Davis, John Chercheur invité (mars-mai 2013)

Biographie
John Davis is the Alice Pratt Brown Professor of Art at Smith College, Northampton, Massachusetts. He received his doctorate from Columbia University in American art history. He is a specialist in nineteenth- and early twentieth-century American art and architecture, and his research interests include landscape and genre painting, religion, race, urbanism, and the interplay of text and image. He has taught as a visiting professor at Doshisha University, Kyoto, and l'Université Libre de Bruxelles. He has received fellowship support from the Center for Advanced Study in the Visual Arts, the Fulbright Foundation, the Henry Luce Foundation, the Gilder Lehrman Institute of American History, and the National Endowment for the Humanities. He is the author or co-author of five books and catalogues and dozens of articles and essays.

Bibliographie

(With Sarah Burns) American Art to 1900 : A Documentary History. Berkeley : University of California Press, 2009.

“Gli scritti teorici sul paesaggio di Thomas Cole e Asher B. Durand,” in Pittura e paesaggio in America, 9-29. Treviso : Linea d'Ombra, 2007.

“Real Estate and Artistic Identity in Turn-of-the-Century New York,” American Art 20 (Summer 2006), 56-75.

“A Change of Key : The Banjo during the Civil War and Reconstruction,” in Picturing the Banjo, edited by Leo Mazow, 48-69. University Park : Pennsylvania State University Press, 2005.

“The End of the American Century : Current Scholarship on the Art of the United States,” Art Bulletin 85 (September 2003) : 544-80.

“Catholic Envy : The Visual Culture of Protestant Desire.” In The Visual Culture of American Religions, edited by David Morgan and Sally Promey, 105-28. Berkeley : University of California Press, 2001.

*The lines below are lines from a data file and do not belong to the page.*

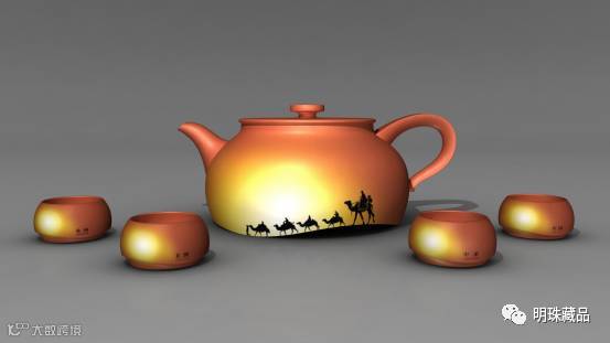 壶底和杯底均采用流畅的曲线,代表大海的波浪和沿途的沙漠,行走的骆驼,运来了财富,此画面不禁让人想起了曾经的“陆上丝绸之路”。壶背面的现代建筑,所呈现的是一座座沿途各国的现代景象,新的“一带一路”。帆船代表的是“海上丝绸之路”,寓意一帆风顺。
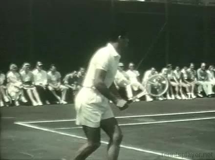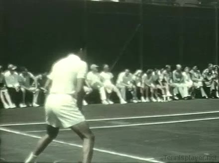 Dominated professional tennis in the 1950s with a powerful serve and fierce competitive spirit. Athletic, aggressive player who excelled at serve-and-volley.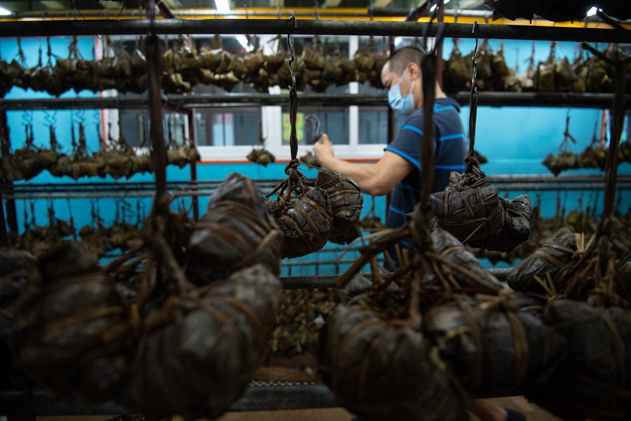 An employee of Lan Heong Kuok, a Cantonese tea house, puts Zongzi on rows of iron racks for display in Macao, south China, May 31, 2022. (Xinhua/Cheong Kam Ka)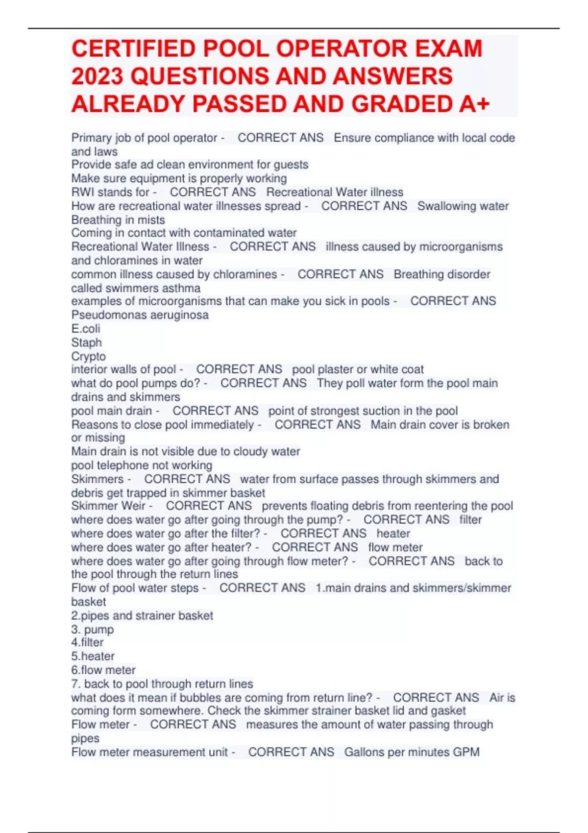 CERTIFIED POOL OPERATOR EXAM 2023 QUESTIONS AND ANSWERS ALREADY PASSED AND GRADED A+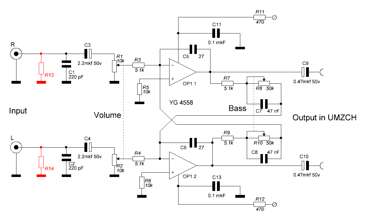 и как вариант между балансом и громкостью поставить ОУ с КУ 2...3. , откинуть второй вход.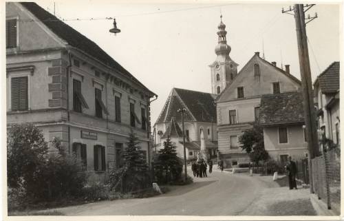 Ortszentrum mit Blick Richtung Kirche - ca. 1955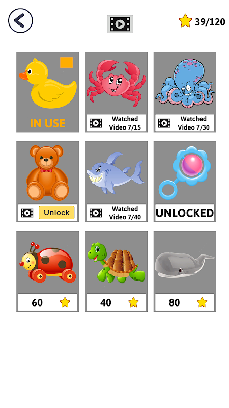 in dit spel kun je de speler die jou vertegenwoordigt uit meerdere keuzes wisselen, het is aan jou om te kiezen wat je wilt van zeedieren of speelgoed, hier is wat je zou kunnen kiezen Eend, Krab, Octopus, Schildpad, marionet, haai, walvis, auto speelgoed of schudspeelgoed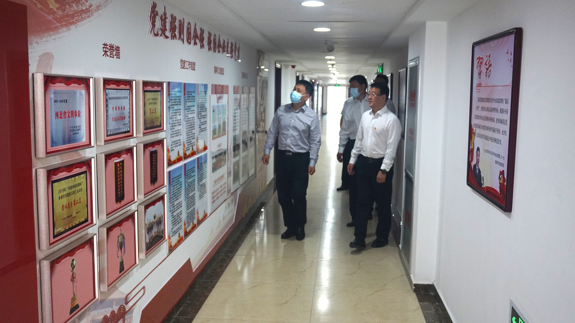 郭旭濤書記首先參觀了集團公司黨建文化墻、黨員活動室和慶祝建黨100周年書畫攝影大賽作品展,隨后召開座談會議,集團公司全體班子成員參加會議。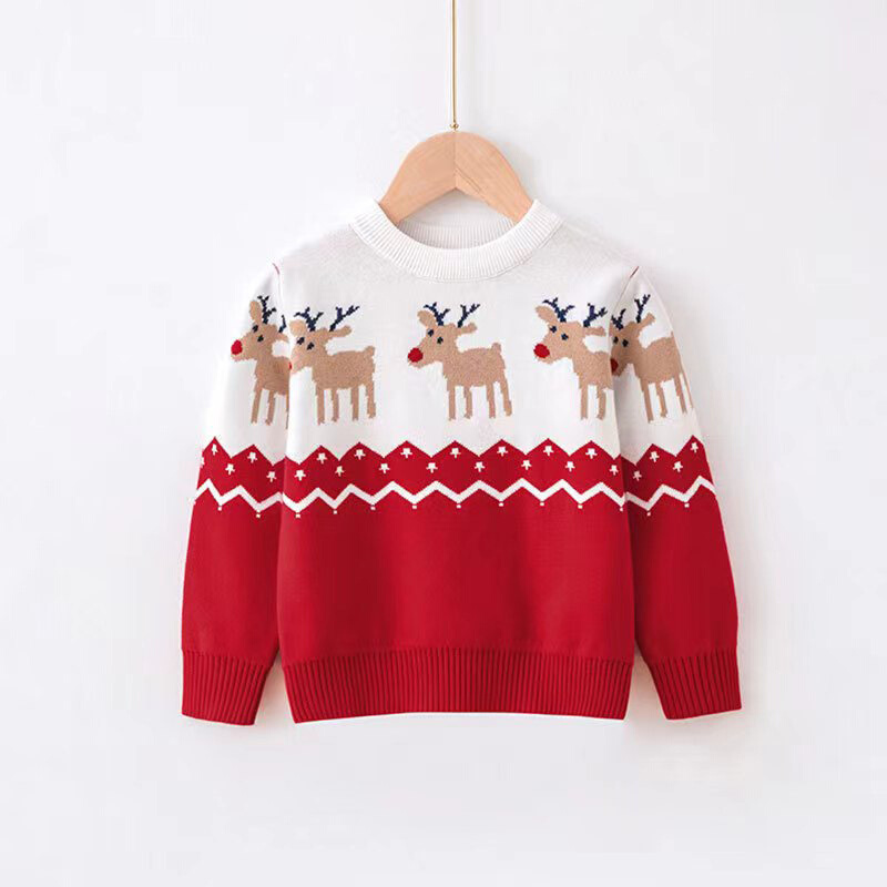 Рождественский детский красный шерстяной трикотажный свитер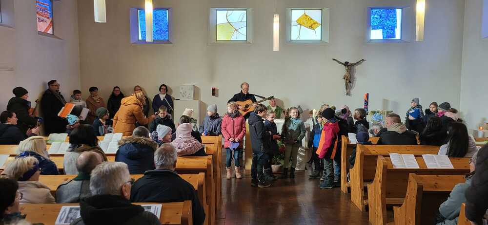 Durch die Unterstützung der Sänger.innen des Erstkommunion-Ensembles unter Katharina Wesener und Toni Gschier wurden wir schon mit den schwungvollen Liedern vertraut.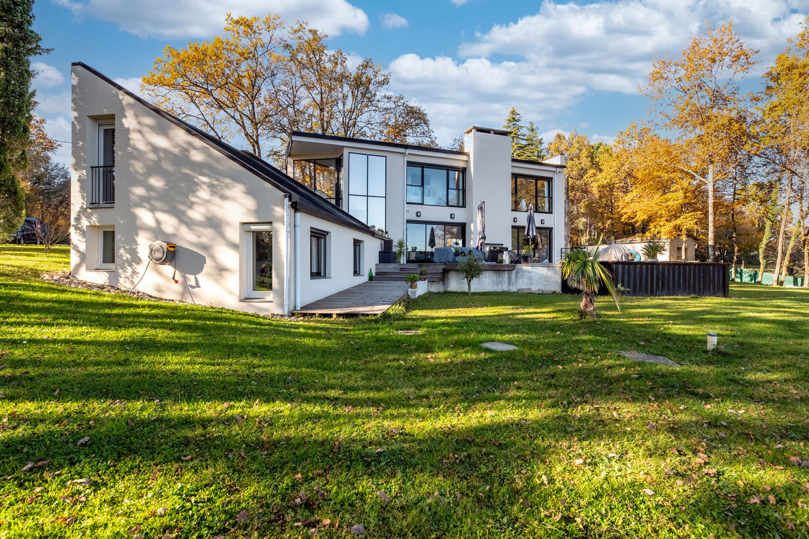 L’esthétique de la maison qui me concerne est magnifique, belle façade très contemporaine ouverte sur une vue à couper le souffle. Rien n’arrête votre regard qui va se perdre jusqu’à l’horizon. Des arbres à perte de vue !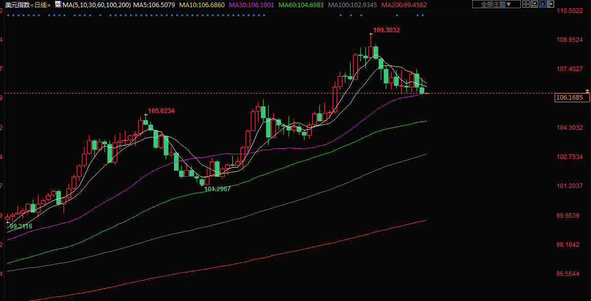 美元兑一篮子主要货币周四下滑0.1%,至106.25;美元兑日元周四跌至六周低点,追随美债收益率跌势,此前数据显示美国第二季度经济再次萎缩,助长了对美联储不会像之前预期的那样激进加息的猜测。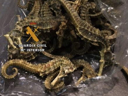 Guardia Civil oplyser, at søhestene blev opdaget i plastikposer skjult i en kinesers kuffert, der var ankommet til Malaga Lufthavn fra Cali i Colombia.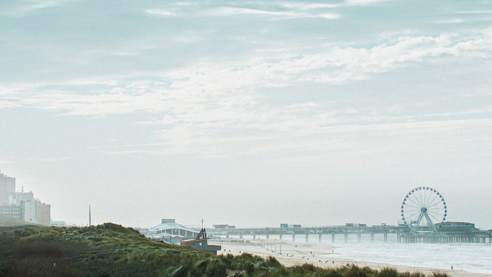 La belle vue de Scheveningen, avec la jetée à droite et Scheveningen à gauche.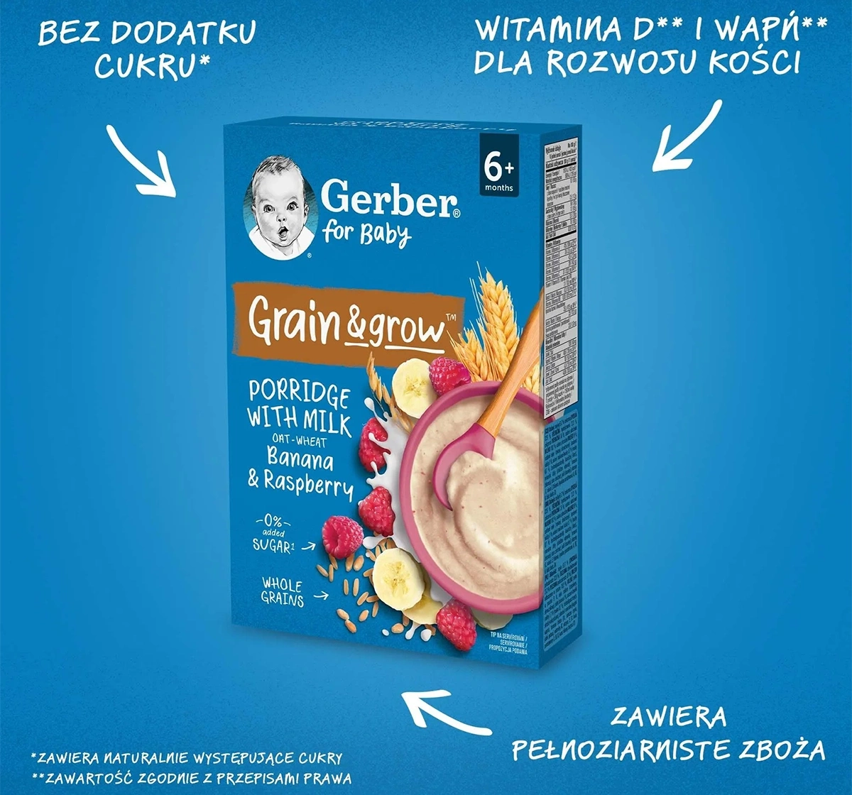 Gerber Grain & Grow Milch-Getreidebrei aus Hafer und Weizen für Säuglinge ab dem 6. Monat enthält keinen zugesetzten Zucker – die Süße stammt ausschließlich aus natürlich vorkommenden Zuckern in Früchten und Milch. Eine ideale Möglichkeit, die Ernährung des Babys zu bereichern und von Anfang an gesunde Essgewohnheiten zu fördern.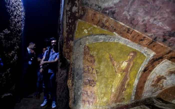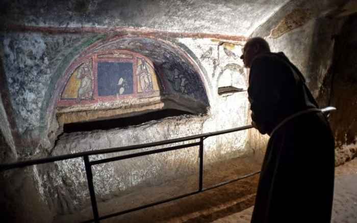 В процессе реставрации нескольких склепов в римских катакомбах св. Домициллы группа итальянских ученых обнаружила целый комплекс настенных изображений, которые до сих пор оставались недоступными из-за многовековых наслоений и копоти. Об этом сообщает Рублев.com со ссылкой на британскую газету The Telegraph.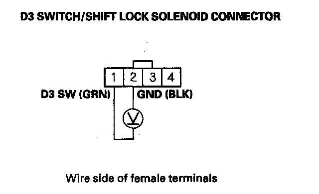 10. Measure the voltage between D3 switch/shift lock solenoid connector terminal No. 1 and body ground.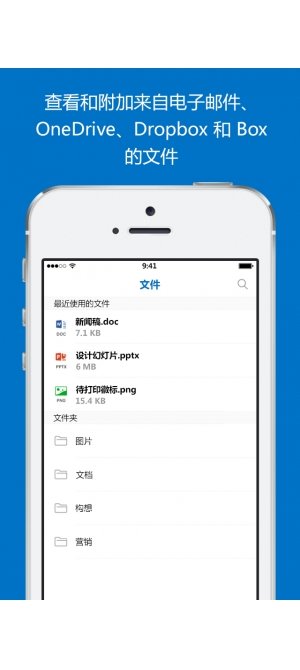 -点击一下即可分享你的会议空闲时间,并可轻松查找与其他人开会的时间。 -无需将文件下载到手机,你可以从电子邮件、OneDrive、Dropbox等查看和附加任何文件。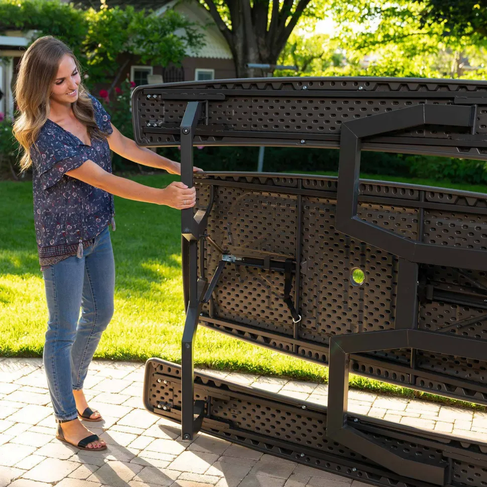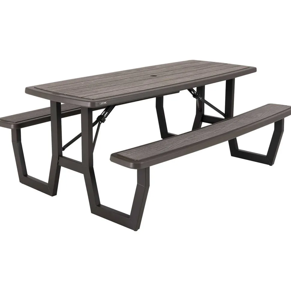 De Opklapbare Lifetime Rough-Cut Picknicktafel Is Van Prachtig High-Density Polyethylene (Hdpe) Materiaal Die De Natuurlijke Look En Feel Van Hout Geeft. In Tegenstelling Tot Echt Hout Is Deze Picknicktafel Onderhoudsarm, Vlekbestendig En Erg Gemakkelijk Schoon Te Maken.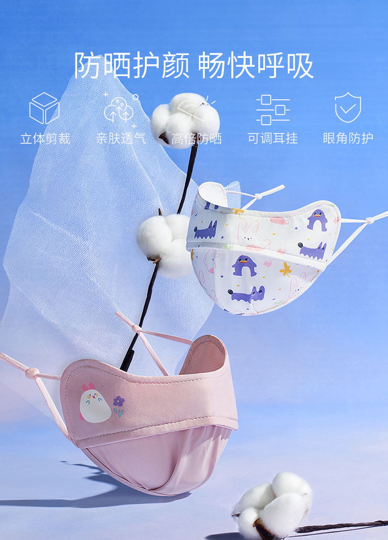 科巢夏季透气儿童防晒口罩防紫外线遮全脸冰丝遮阳脸罩面罩薄款护眼角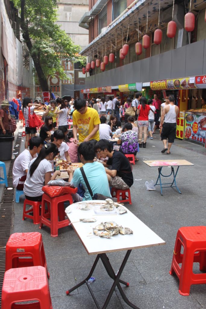 Des « food courts » où chacun achète ce qui lui plait et retrouve ensuite ses amis pour manger. Les chinois adorent manger à plusieurs.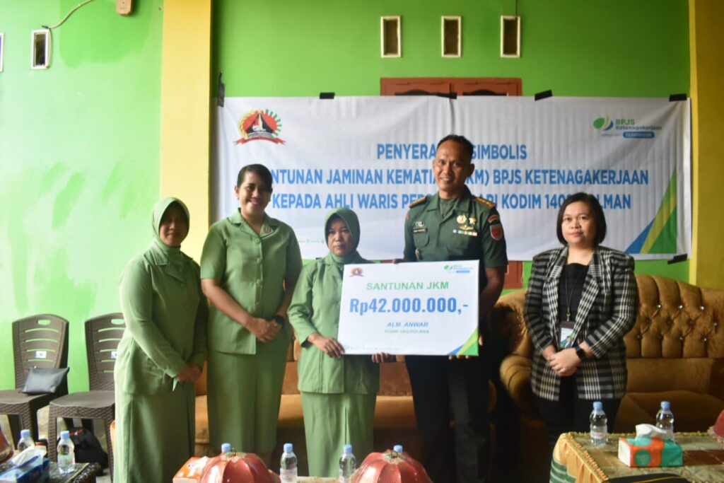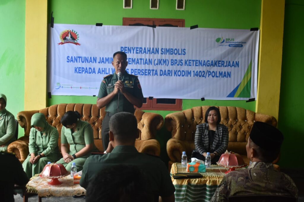 Dandim 1402/Polman Serahkan Santunan BPJS Ketenagakerjaan Kepada Ahli Waris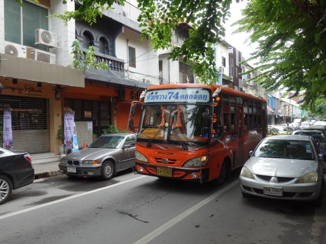 このバスは始めは西へ西へと進み、途中からバンコクを北上します 東西に伸びるスティサン通りとの交差点で下車し、次のバス乗り換え -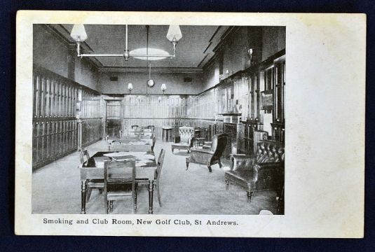 The New Golf Club St Andrews postcard showing The Smoking and Club Room^ New Golf Club^ St Andrews. Unused. A very rare'interior' view.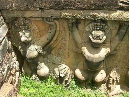 吳哥窟城外,則是知名的乳海翻騰雕塑作品,只是時光的砂漏,謀殺了這些作品的恆久,殘缺或許是另一種美吧。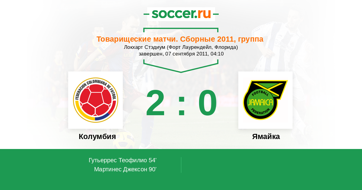 Протокол матча Колумбия против Ямайка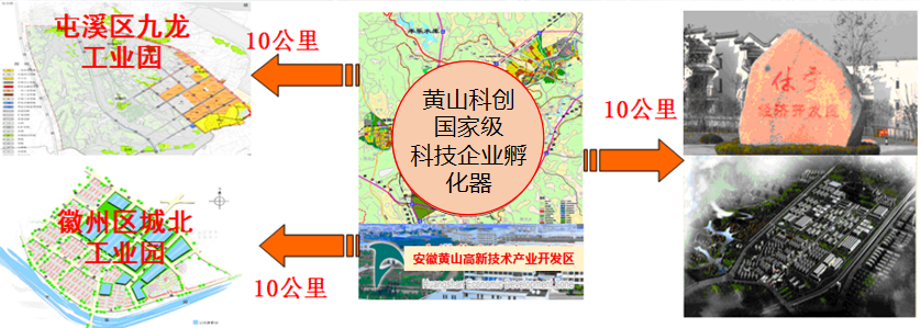 黄山科创孵化器位于黄山高新技术产业开发区梅林大道89号,地处黄山市中心城区(屯溪区)和休宁县、徽州区等区县构成的黄山市南部城镇群中心位置,距中心城区(屯溪区)5公里,至黄山机场、火车站行程10分钟以内。周边工业园区共集聚1000家以上家科技型企业。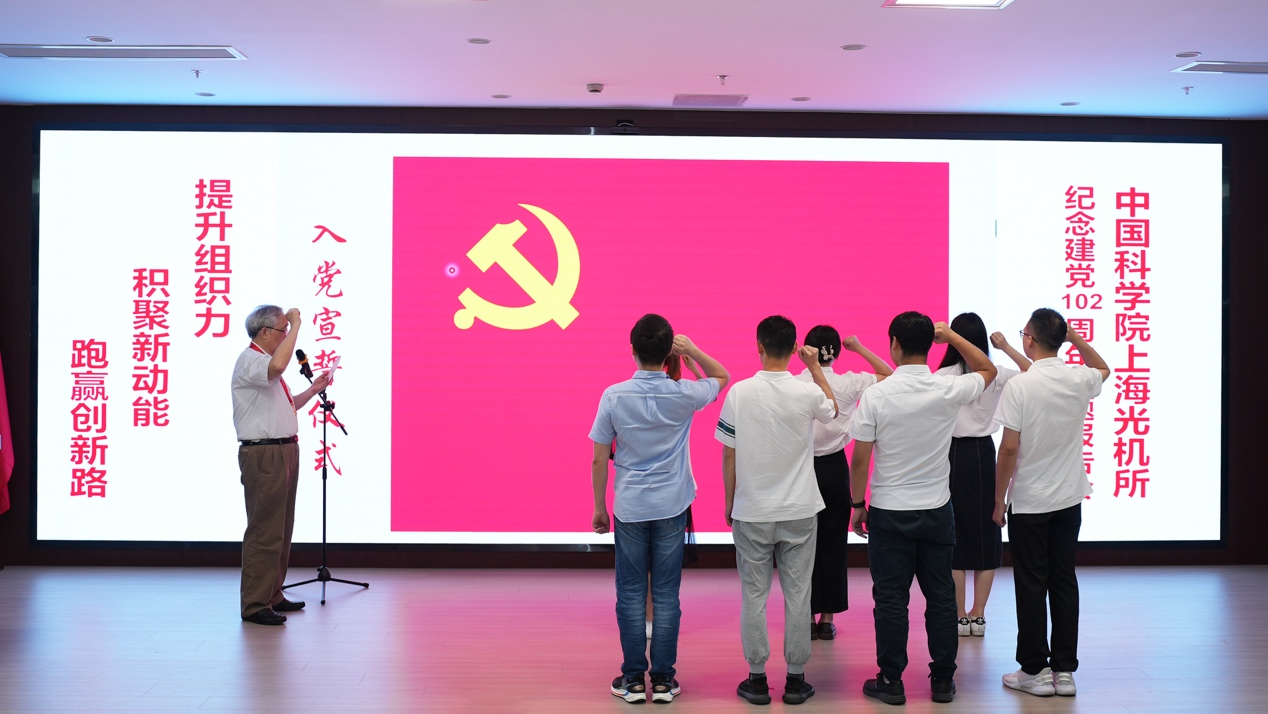 新党员入党宣誓仪式上,在纪念章获得者侯立松研究员带领下,全体新党员进行入党宣誓,砥砺初心,不断前行。

“Eastman Johnson's Negro Life at the South and Urban Slavery in Washington, D.C.,” Art Bulletin 80 (March 1998) : 67-92.

The Landscape of Belief : Encountering the Holy Land in Nineteenth-Century American Art and Culture. Princeton : Princeton University Press, 1996. (Paperback ed., 1998).

"Children in the Parlor : Eastman Johnson's Brown Family and the Post-Civil War Luxury Interior," American Art 10 (Summer 1996) : 50-77.

Projet de recherche

During his tenure as Visiting Professor at INHA and the Ecole Normale Supérieure, John Davis will work on two essays, the first examining the American artists who were invited to exhibit with Les XX and La Libre Esthétique (Sargent, Whistler, Chase, Cassatt, Alexander, Robinson, Hassam) and the second exploring the nationalistic discourse on American exceptionalism in nineteenth-century art theory and criticism. He will reflect on how this discourse has shaped the recent practice of American art history, which has sometimes resulted in the definition of American art by absence or negation. He will contrast the essentialist interest in “ethos and essence” with the more material, provincialist framing of center and periphery, seeking to understand exceptionalism within an international context. In addition, Professor Davis will conduct editorial work for the Blackwell Companion to American Art, which he is co-editing with Jennifer Greenhill and Jason LaFountain.